So the mother went to tell Paul, who was in the little sacristy, disrobing with the help of Antiochus.

"You will come home first and drink your coffee, won't you?" she asked.

He avoided looking at her and did not even answer, but pretended to be in a great hurry to go to the old man who was ill. The thoughts of both mother and son dwelt upon the same thing, the letter which had been delivered to Agnes, but neither spoke of it. Then he hastened away, and she stood there like a block of wood whilst the sacristan busied himself in replacing the vestments in the black cupboard.

"It would have been better if I had not told him about Nicodemus until he had been home and had his coffee," she said.

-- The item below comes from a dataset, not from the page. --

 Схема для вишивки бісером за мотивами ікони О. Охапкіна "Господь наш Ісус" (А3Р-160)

"A priest must get accustomed to everything," replied Antiochus gravely, poking his head round the cupboard door, and then he added as though to himself as he turned back to his work inside:

"Perhaps he is angry with me, because he says I am inattentive: but it's not true, I assure you it's not true! Only when I looked at those old men I felt inclined to laugh, for they did not understand a word of the sermon. They sat there with their mouths open, but they understood nothing. I bet you that old Marco Panizza really thinks he ought to wash his face every day, he who never washes at all except at Easter and Christmas! And you'll see that from now on they will all come to church every day, because he told them that poverty would disappear if they did that."

The mother still stood there, her hands clasped beneath her apron.

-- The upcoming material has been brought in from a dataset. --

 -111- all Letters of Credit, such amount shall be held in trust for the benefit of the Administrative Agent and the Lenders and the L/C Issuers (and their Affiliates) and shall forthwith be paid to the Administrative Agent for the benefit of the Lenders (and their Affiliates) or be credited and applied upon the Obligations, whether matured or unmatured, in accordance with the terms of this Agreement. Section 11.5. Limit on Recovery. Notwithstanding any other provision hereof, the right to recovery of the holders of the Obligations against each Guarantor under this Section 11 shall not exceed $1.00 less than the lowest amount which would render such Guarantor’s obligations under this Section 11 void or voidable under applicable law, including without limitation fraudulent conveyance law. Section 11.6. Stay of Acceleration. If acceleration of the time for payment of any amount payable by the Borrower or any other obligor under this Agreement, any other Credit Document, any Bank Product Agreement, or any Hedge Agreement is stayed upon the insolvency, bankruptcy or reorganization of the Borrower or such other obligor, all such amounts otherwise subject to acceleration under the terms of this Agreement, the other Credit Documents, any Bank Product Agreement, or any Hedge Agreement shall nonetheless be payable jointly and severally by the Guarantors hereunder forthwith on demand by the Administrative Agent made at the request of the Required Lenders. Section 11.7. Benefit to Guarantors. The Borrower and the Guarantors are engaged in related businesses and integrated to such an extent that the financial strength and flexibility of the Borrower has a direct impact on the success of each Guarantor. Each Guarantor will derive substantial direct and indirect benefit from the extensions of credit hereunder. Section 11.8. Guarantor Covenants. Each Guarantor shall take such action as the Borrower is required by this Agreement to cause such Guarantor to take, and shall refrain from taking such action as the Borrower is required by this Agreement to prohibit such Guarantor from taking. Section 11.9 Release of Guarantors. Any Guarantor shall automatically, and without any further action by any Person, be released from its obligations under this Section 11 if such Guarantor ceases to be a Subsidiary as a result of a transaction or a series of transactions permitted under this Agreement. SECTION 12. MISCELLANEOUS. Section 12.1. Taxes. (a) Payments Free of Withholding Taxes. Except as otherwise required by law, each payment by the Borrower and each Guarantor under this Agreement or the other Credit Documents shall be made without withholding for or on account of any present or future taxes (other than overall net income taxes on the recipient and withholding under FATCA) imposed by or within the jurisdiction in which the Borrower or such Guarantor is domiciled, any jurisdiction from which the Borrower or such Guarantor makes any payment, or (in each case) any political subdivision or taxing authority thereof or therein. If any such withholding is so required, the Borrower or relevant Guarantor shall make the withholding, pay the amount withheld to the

"The poverty of the soul," she said, to show that she at least had understood. But Antiochus only looked at her as he had looked at the old men, with a strong desire to laugh. Because he was quite sure that nobody could understand these matters as he understood them, he who already knew the four gospels by heart and intended to be a priest himself, which fact did not prevent him from being as mischievous and inquisitive as other boys.

As soon as he had finished putting everything in order and the priest's mother had gone away, Antiochus locked the sacristy and walked across the little garden attached to the church, all overgrown with rosemary and as deserted as a cemetery. But instead of going home to where his mother kept a tavern in one corner of the village square, he ran off to the presbytery to hear the latest news of King Nicodemus, and also for another reason.

"Your son scolded me for not paying attention," he repeated uneasily, whilst the priest's mother was busy preparing her Paul's breakfast. "Perhaps he won't have me as sacristan any longer, perhaps he will take Ilario Panizza. But Ilario cannot read, whereas I have even learnt to read Latin. Besides, Ilario is so dirty. What do you think? Will he send me away?"